The Valmiki Ramayana describes Ravana as “One who has twenty arms, ten faces and a broad chest, and a possessor of all regalia of Indra, the god of kings”.
Enthroned, the Valmiki Ramayana describes him as a spectacular sight to behold - “attired and bejewelled in sumptuous jewels”, “shining forth with marvellous garlands” and likened to the magnificent image of “the Sun in firmament on the supreme golden throne”, and whose appearance itself is “catastrophic”, resembling Kala, the “Ultimate-Time”, that sits with a “wide gaped mouth” waiting to engulf all creation into its being.
Ravana is described in various texts as fearsome demon, blessed by the god of creation Brahma to remain invincible in battle..

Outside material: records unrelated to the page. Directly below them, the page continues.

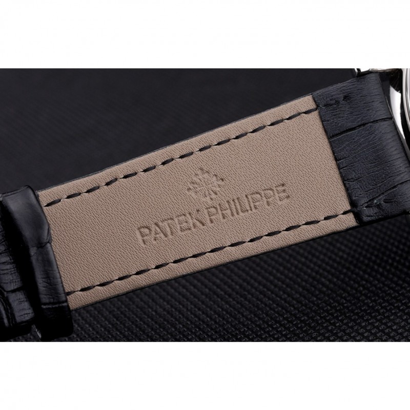 pulsera: correa de piel de cocodrilo negro de calor Patek Philippe Geneve en relieve con el logotipo y Patek Philippe inscrito pulida de acero inoxidable gancho hebilla de cierre
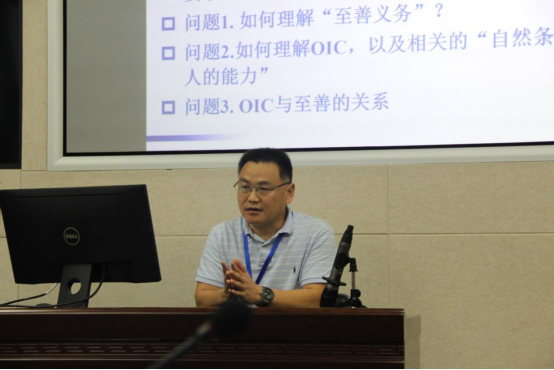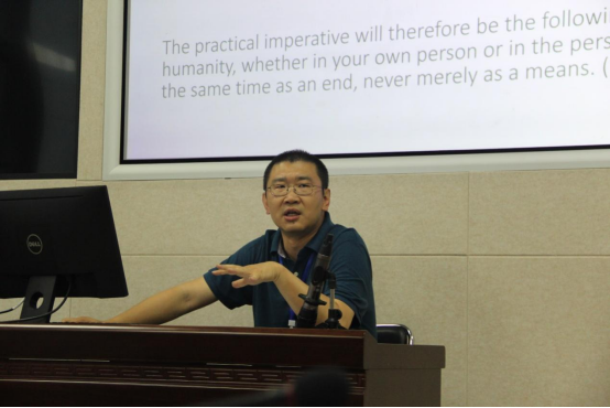 “康德的实践哲学”主题共有10场报告。中国政法大学宫睿教授以《在西方理性主义传统中看康德人性目的公式》为题作了报告,宫教授认为康德的人性目的论有一种二元结构的模式,一方面是个体,另一方有一个目的结构,据此康德的很多概念(如意志、绝对命令、自律、尊严)才得以可能。厦门大学张会永教授的论文是《康德的“至善义务”与“应当意味着能够”》,张教授认为把“应当”与“能够”的承担者设想为不同的主体——前者针对理性存在者而言,后者需要另一个存在者保证至善能够实现——“至善义务”与“应当意味着能够”不会冲突。安徽师范大学李伟教授在报告《康德“德行诠释学”思想抉微》中提到康德悬置知识以证成道德,因而把诠释学理解为一种求善而非单纯求真的活动,这是一种德行方向的路径。山东省社会科海角网 尚文华副研究员在报告《重新思考康德实践哲学的起点问题——以启蒙哲学体系对基督教相关原理的批判反思为线索》中认为,由于康德无法保证作为整体的个体是善的,因此需要将耶稣视为一个完满的人性(理性)原型。北京师范大学周黄正蜜副教授在报告中《如何完善自己》通过区分完全义务和不完全义务,论证了自我完善的选择无需按照道德标准,而只需保留合适性标准,从而在不违反道德法则的前提下能享有更大的空间。北京师范大学朱会晖副教授的论文《康德论天才与鉴赏力在艺术创作中的作用和地位》提出康德认为天才通过具体的形象来表达审美理念及理性理念,鉴赏力通过结合认识能力来激发天才的创造激情和灵感,二者是互补的,但体现规则和秩序的鉴赏力更重要。海角网 王咏诗副研究员的报告《技术时代中的人——重思康德“技术上实践的”原则》认为康德与亚里士多德对技艺有不同说明。古典与现代对技术的不同理解奠基于形而上学立场的差异。康德“技术上实践的”原则与“道德上实践的”原则在人身上实现动态平衡,凸显康德将形而上学出发点设定在作为有限的理性存在者的“人”之上。河南师范大学惠永照讲师在报告《道德切身与性格生成——论康德的“道德愉悦”》中提到道德愉悦不仅使有限的理性者认识到道德与自己的切身性,而且能够增进主体对道德的理性关切,最终促进主体形成一个既愉悦又有德的稳定性格。华中科技大学袁辉讲师以《论康德的两种完全不同的许可法》为题,认为康德政治哲学著作中出现的种种许可法至少有两种含义,一种是先天允许主体理知地占有客观对象的公设,另一种是暂时允许主体强制每个其他主体从自然状态进入法权状态的许可。东南大学武小西讲师在报告《人对动物的道德义务——对科斯嘉动物伦理学的批评与重构》中寻求康德式动物伦理学的可能方向,在肯定科斯嘉关于“动物是自在目的”的论证的基础上,提出动物是道德义务的承担者。
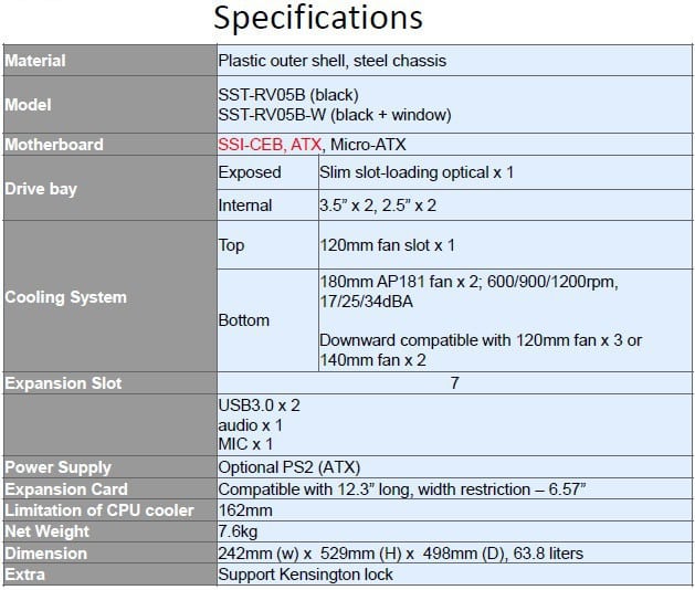 So what features are key to the Silverstone RV05? Remember, some of these are carried over from the previous version but here is the break down list.
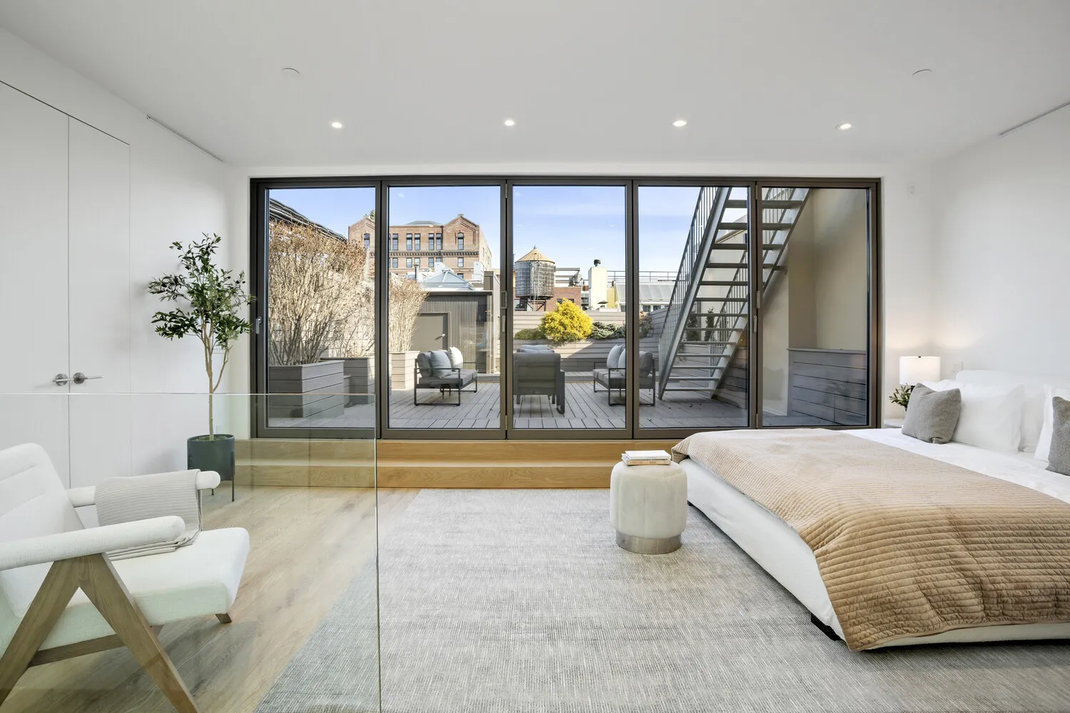 But it's the outdoor spaces that truly elevate this penthouse into the realm of the extraordinary. Directly accessible from the primary suite, the expansive private terrace and rooftop serve as your personal oasis above the bustling city below. Designed for relaxation, outdoor dining, and entertaining, these exclusive spaces are fitted with custom benches and irrigated planter boxes, creating a serene yet sophisticated setting for alfresco living. Revel in breathtaking views of New York City's iconic landmarks, including the Empire State Building and Freedom Tower-your private skyline experience.

..against gods or celestial creatures such as Gandharvas and Asuras, or sages and exalted souls, birds, or reptiles, or other monstrous creatures, but is ultimately defeated by an incarnation of the god Vishnu as mortal - Rama, the prince of Ayodhya.

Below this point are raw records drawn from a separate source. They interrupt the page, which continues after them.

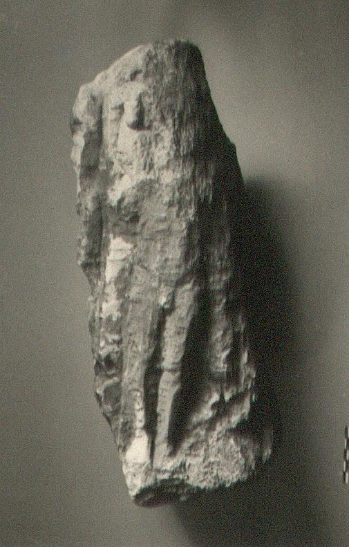 | Description: | Rough blocking, rather inept, of figure carrying an animal, perhaps a ram, on his shoulders, Kriophoros (?). Head of man and part of animal broken away. Unfinished. Poros. | |
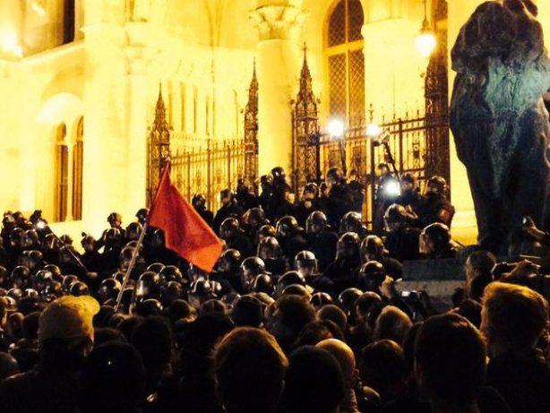 Ровно неделю назад протестующие уже собирались с аналогичным требованием, а также просили вмешательства ЕС. В настоящее время у входа в здание парламента наблюдается толкотня между активистами и полицейскими.
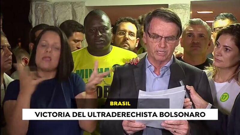 El ultraderechista Jair Bolsonaro, un exmilitar de 63 años nostálgico de la dictadura, ha ganado la segunda vuelta de las presidenciales en Brasil. Con su victoria se pone punto final a los 16 años de triunfos del partido de la izquierda del expresidente Lula da Silva. Su candidato Fernando Haddad ha quedado diez puntos por detrás. Bolsonaro en su primera intervención has prometido defender la democracia y la Constitución brasileña.
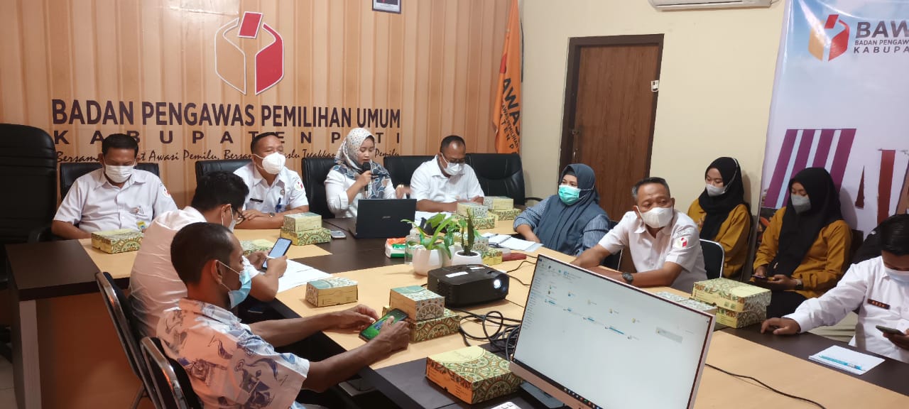 Pati, Badan Pengawas Pemilihan Umum Kabupaten Pati mengadakan Rapat Kerja Pengawasan Pemutakhiran Data Pemilih Berkelanjutan (PDPB) bersama Komisi Pemilihan Umum (KPU) Kabupaten Pati, Dinas Kependudukan dan Catatan Sipil Kabupaten Pati, serta perwakilan dari Organisasi Masyarakat Disabilitas pada, Rabu (9/3/22).

Tradition has him to be very wise and learned. He is believed to have been a worshipper of the god Shiva and composed the mantra of Shiva Tandava Stotra in his praise, as well as written a treatise on Hindu astrology called the Ravana Samhita.
Ravana is depicted in the folio with his ten heads spread out in a long horizontal row one next to the other crowned by a fourteen-peaked coronet.
In his numerous arms he holds various weapons arrayed in a circle around his body..
..which seem to whirl around him like little planets encircling him.
He is seated on a sumptuously rendered jewel-studded gilt throne..
..and a heavily bejewelled parasol with strands of hanging pearls shelter him and mark his royal status.
Attired in a pink dhoti with a white cummerbund woven with gold encircling his waist, a pale yellow wrap similarly gold woven twists around his bare torso.
The painter masterfully renders with exquisite detail the minute folds of the dhoti that fall gracefully over the crossed legs ending in a dainty, scalloped arrangement.
Equally fascinating is the precision and workmanship of the cloth spread out over the throne..
..the barely perceptible shading on the hands or the face..
..and the resplendent ornamentation of the throne and the parasol.
Pitched against a stark red background, and contrasted by a white cusped niche encircling his form, he presents an awe-inspiring image.